Deux siècles après la faveur islamique dans l’empire du Mali, les régions du Haut-Niger (actuel Mali) qui ont abrité les capitales de l’empire du Mali, ne gardaient qu’un faible héritage de l’islam. Ainsi, dans cette même région du Soudan où l’islam s’est auparavant paisiblement installé, commencera vers 1850 une réislamisation, par le biais du djihad islamique. Un djihad par ailleurs entrepris par des meneurs de l’islam soufi, contre les populations retournées à leurs fétiches. Si en 2012, au Mali, les symboles de l’islam soufi ont été attaqués par des éléments salafistes, opérant sous le terme de djihad, et voulant imposer une orthodoxie musulmane, cela n’a toujours pas été le cas. Les premiers djihads entrepris sur le territoire du Mali ont été conduits par des mouvements soufis qui, pourtant, poursuivaient le même objectif. On peut se questionner sur les véritables objectifs de ces guerre saintes, quand on sait que le soufisme, censé représenté la vision hérétique (qui s’oppose à l’orthodoxie) de l’islam, se chargeait au contraire d’instaurer, par les armes, une orthodoxie musulmane. Nous pouvons également appliquer ce même questionnement à l’occupation du Nord-Mali par des groupes salafistes, en 2012, quant aux véritables buts recherchés. Dans les deux cas, le djihad, la guerre au nom de l’islam, semble avoir simplement servi d’alibi dans la poursuite d’objectifs inavoués.

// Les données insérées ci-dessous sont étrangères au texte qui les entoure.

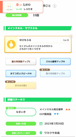 ミュウはメインスキルにもひらめきの種を使用できるようですが今回はサブスキルを解放しました。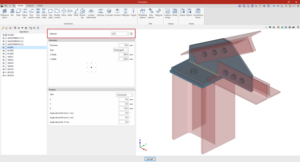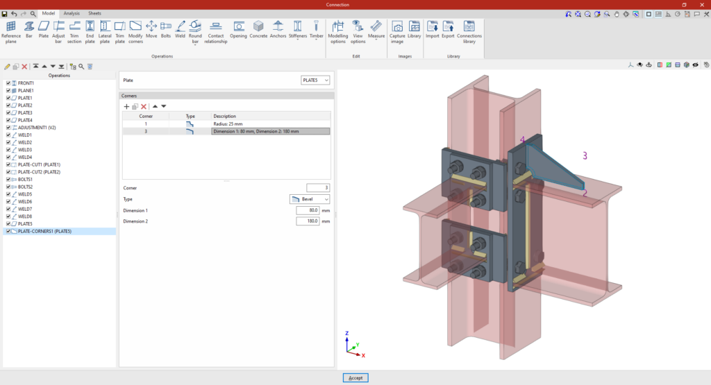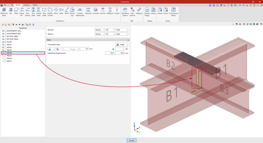 El programa permite la definición detallada de los componentes de cada conexión precalificada en el panel de edición de la operación.
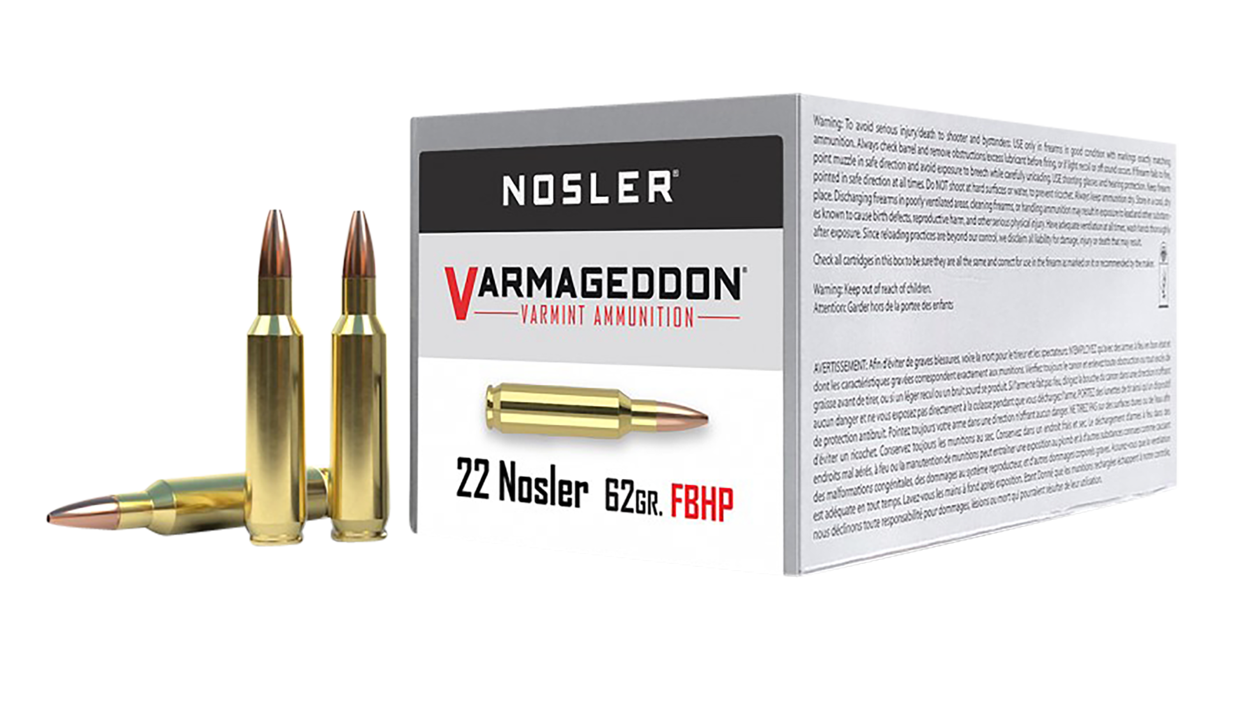 Noslers Varmageddon line of loaded ammunition and component bullets. Featuring a highly accurate polymer tip or hollow point combined with a flat base design, Varmageddon products were created for the high-volume varmint shooter who requires the utmost precision. Loaded with Nosler brass, Varmageddon ammunition provides the highest levels of performance for any varmint hunter.

Le djihad considéré comme un moyen de libérer un peuple d’un joug païen ou prétendu tel, pour lui donner la possibilité de vivre pleinement l’islam, allait servir de principe d’annexion et d’unification d’un ensemble de peuples hétérogènes par une islamisation forcée. A la longue période de propagation pacifique de l’islam dans le Soudan Occidental, s’ensuit à partir de la seconde moitié du XIXe siècle, c’est-à-dire un peu avant la conquête coloniale française, une série de djihads islamiques. Ces différentes conquêtes armées ont, par la suite, permis l’édification d’États théocratiques.

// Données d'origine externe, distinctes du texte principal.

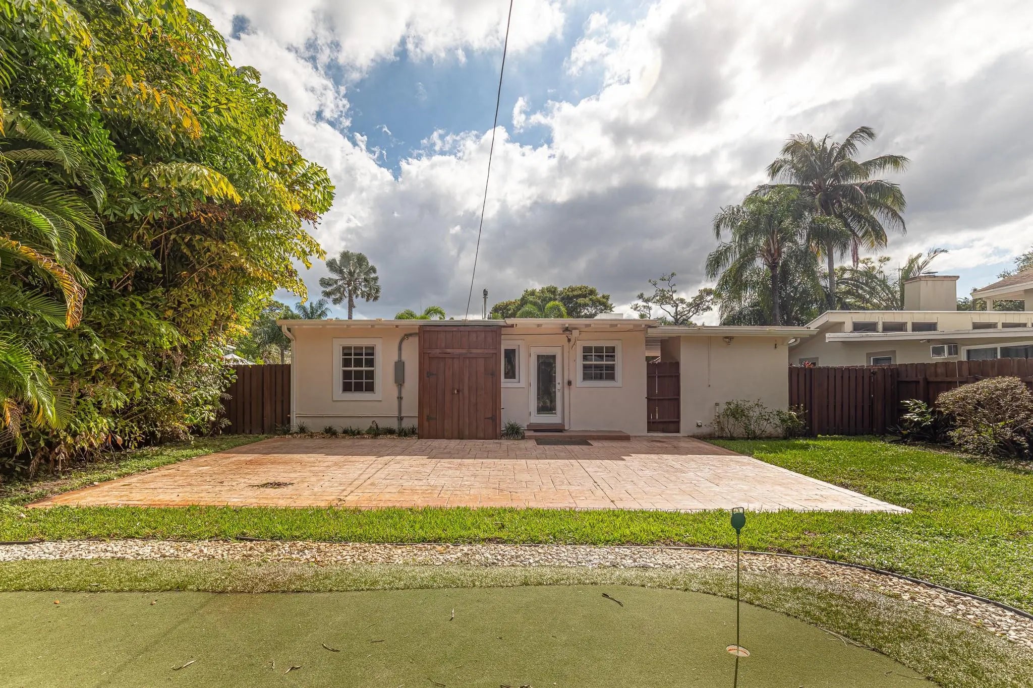 Charming 2-bedroom 1 bath home in East Fort Lauderdale captures classic mid-century style with modern potential. Timeless architectural details like vaulted exposed beam ceilings, original wood burning fireplace, alcove dine in kitchen. Florida Room is a Great Home Office. Fenced in private sanctuary with beautiful landscaping, large yard for entertaining, with Front and Back Patios. Large Shed with Cabinets and Shelving, plus another small shed and some Storage in the Laundry Area. Putting Green in the back yard. Lush green lawn and landscaping. Stamped Concrete Driveway. Great location minutes to downtown, Las Olas, Airport, Port Everglades and the Beach. Neighborhood has 2 parks with Volleyball, Tennis court, walking paths exercise equipment and a passive nature park on the New River.

Le marabout Sékou Amadou Barry a ainsi fondé (entre 1818 et 1862) le royaume théocratique de la Dina (royaume du Macina), qui s’étendit de Ségou à Tombouctou. A partir de 1850, le guerrier et marabout peul, El Hadj Omar Tall, dont nous étudions le cas dans la suite de notre travail, à travers la guerre sainte, s’est emparé de la plupart des royaumes mandingues qui prospéraient dans les régions méridionales du Mali actuel. Entre 1868 – année où il prit le titre d’Almamy, ou commandeur des croyants – et 1880, Samory Touré édifia le vaste royaume du Wassoulou, qui s’étendit sur toute la partie méridionale du Mali actuel.

A l’instar des mouvements wahhabites qui ont engagé une lutte farouche contre leurs coreligionnaires d’obédience soufie, après s’être installés au Mali en 1953 (nous en parlons dans le chapitre suivant), les réformateurs précités « commencèrent par prêcher contre le syncrétisme religieux, et contre les actes d’oppression et la corruption des dirigeants, leurs abus de pouvoir, leur matérialisme et les impôts dont ils écrasaient leurs sujets. Face à cette subversion qui menaçait de ruiner leur autorité, les autorités réagirent en tentant d’étouffer la révolution dans l’œuf, mais les réformateurs considérèrent ces tentatives comme des actes d’impiété et déclarèrent que les territoires des souverains devenaient ‘’pays de guerre’’ qu’il fallait conquérir et annexer à la communauté musulmane » (J. F. Ade Ajayi, 1997). Les

djihads visaient à apporter des modèles nouveaux et plus rigoureux d’identité musulmane.

« En termes islamiques, la nouveauté de tels mouvements réside moins dans la doctrine elle-même que dans l’idée, répétée avec insistance, que les règles religieuses anciennes doivent être observées avec davantage de rigueur que par le passé » (Donald Cruise O’Brien, 1981).